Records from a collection
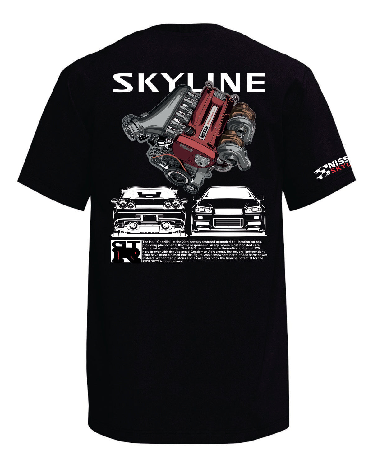 100% cotton stylish featuring "Godzilla" GTR. Great streetwear shirt to stand out from the rest.
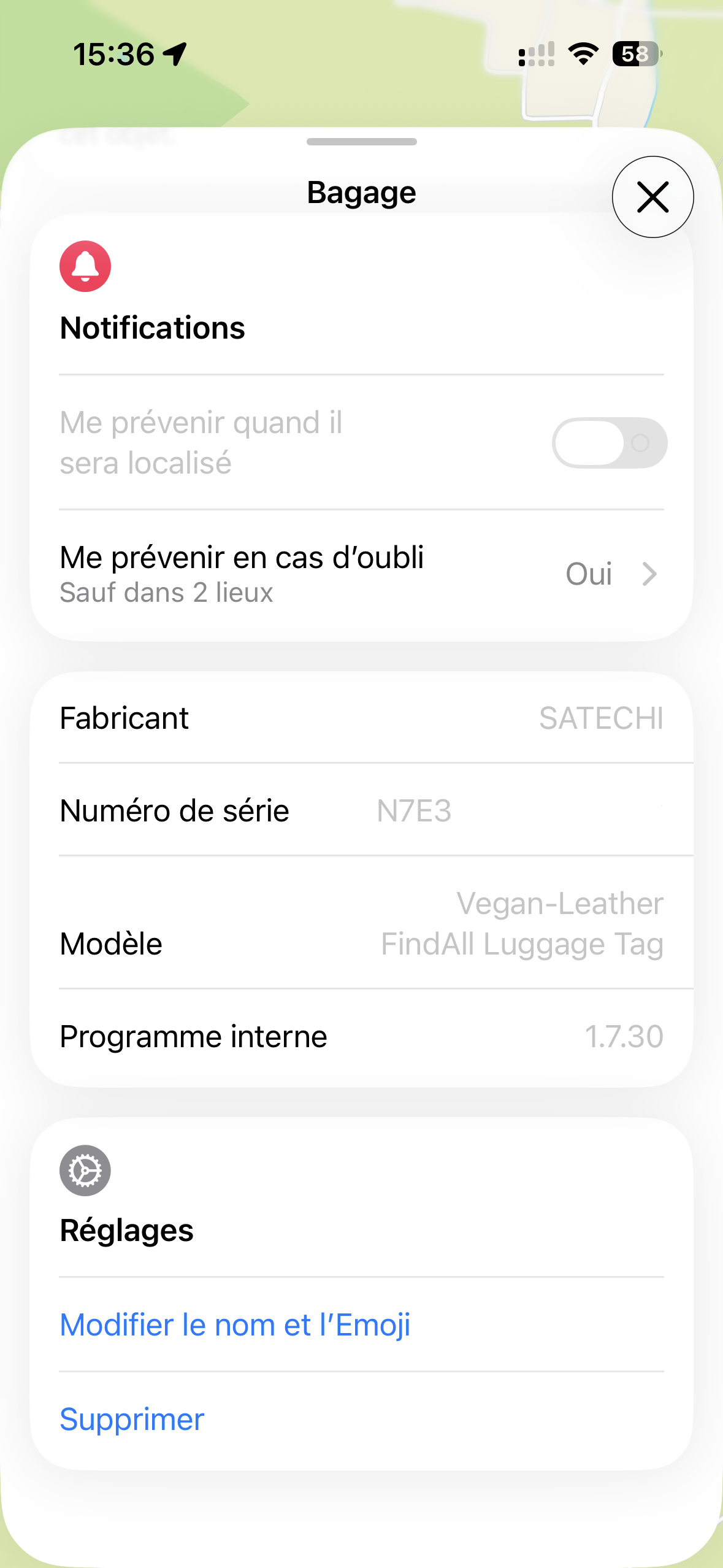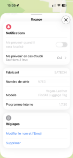 Sur l’iPhone, on a les mêmes fonctions que tous les traqueurs : une localisation en Bluetooth et à travers le réseau. Il n’y a pas d’UWB et de localisation précise comme sur les AirTags, donc. La sonnerie est dans la moyenne : une mélodie spécifique, assez forte, qui est jouée deux fois pour environ quinze secondes au total. C’est dans la moyenne, sans plus : certains traqueurs sonnent plus fort. Disons que pour retrouver un bagage dans un aéroport, ça doit suffire.
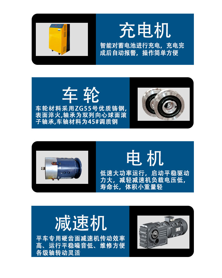 轨道式过跨电瓶车是一种以蓄电池作为电力来源的轨道平车,摆脱线缆的束缚,可采用遥控操作,使用时更加方便,适用于较长距离的轨道运输系统。应用范围:重工、轻工、机械、石油、冶金、矿山、化工、船舶等范围物料:钢卷、铝卷、镀锌卷、变压器、电缆盘、铸造件、电机、集装箱、车厢 、容器罐、压力容器等BXC系列蓄电池供电平车, 是由蓄电池提供电源的轨道平车, 蓄电池安装在平车内部, 电源通过电气控制系统, 给直流牵引电机提供电力;使平车启动,停止, 前进,后退,调速等。
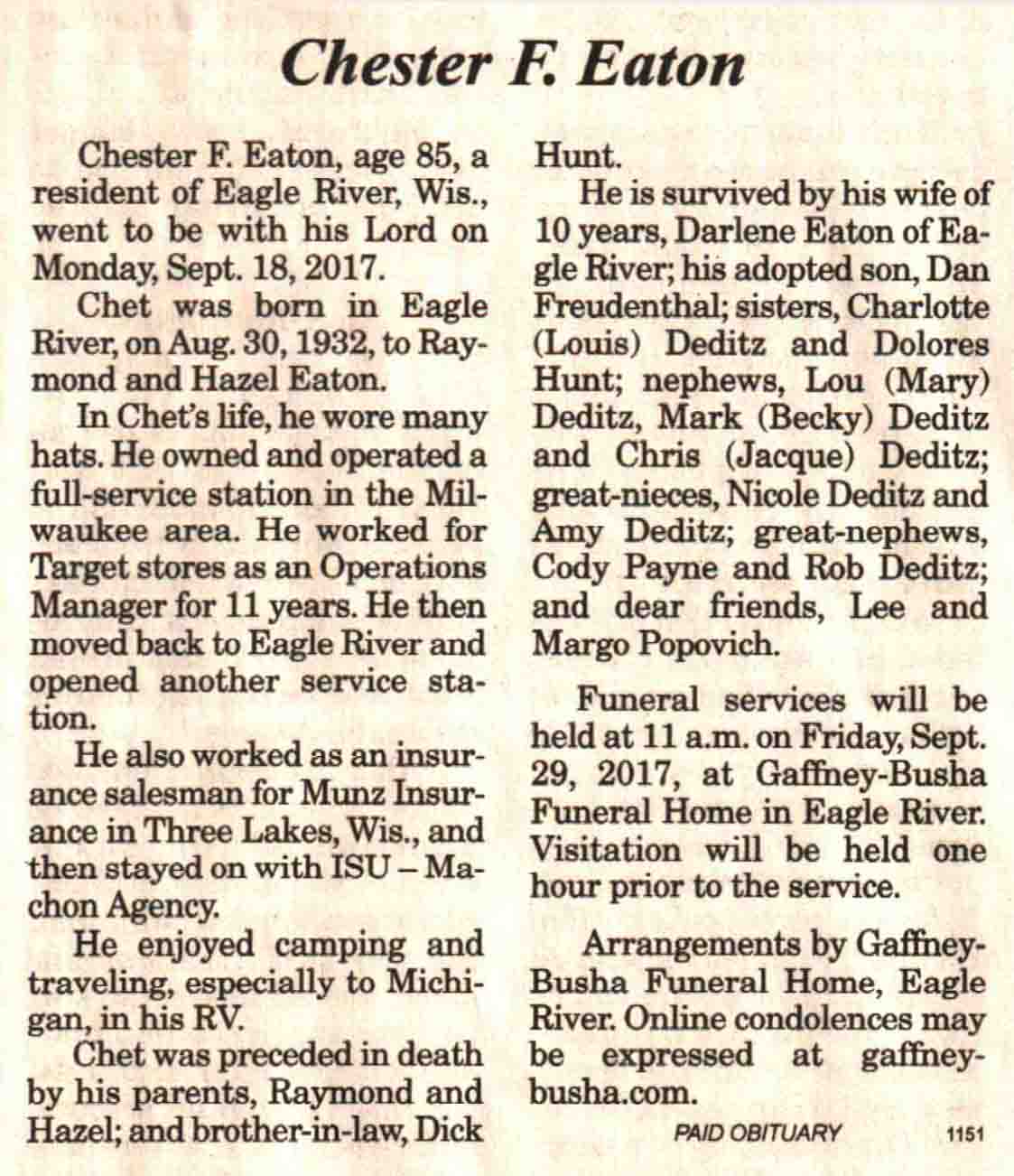 | Eaton | Chester F | 30 Aug 1932 | 18 Sep 2017 | V N-R | 27 Sep 2017 | 4A |
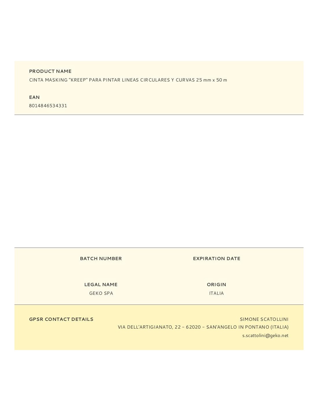 Cinta masking "kreep" para pintar lineas circulares y curvas 25 mm x 50 m
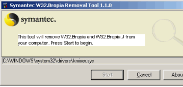 Антивирусы: Symantec W32.Bropia Removal Tool v.1.1.0
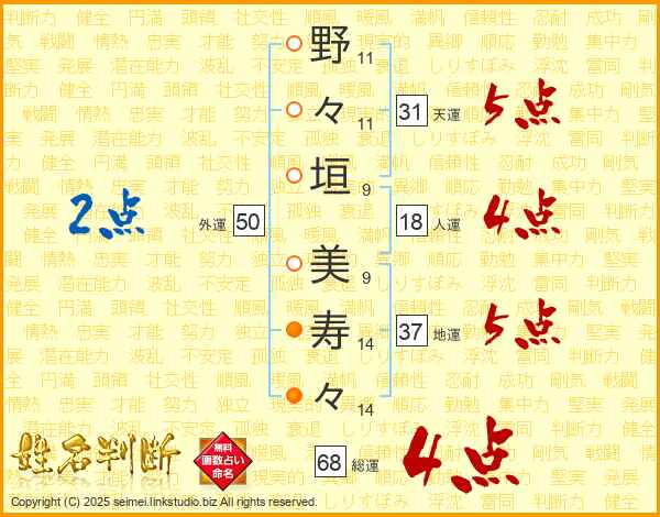 野(11画)々(11画)垣(9画) 美(9画)寿(14画)々(14画)
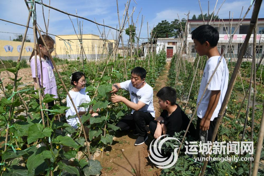 6月27日,闻喜县城南小学六年级学生在学校的劳动基地进行实践活动。

◆ EXERCISE AIM: With the pictures left out, please output each line from the one containing "25 mm x 50 m" through the end of the entries, exactly as it is.

◆ RESULT FOR THIS EXERCISE:
 Cinta masking "kreep" para pintar lineas circulares y curvas 25 mm x 50 m
 Антивирусы: Symantec W32.Bropia Removal Tool v.1.1.0
 野(11画)々(11画)垣(9画) 美(9画)寿(14画)々(14画)
 6月27日,闻喜县城南小学六年级学生在学校的劳动基地进行实践活动。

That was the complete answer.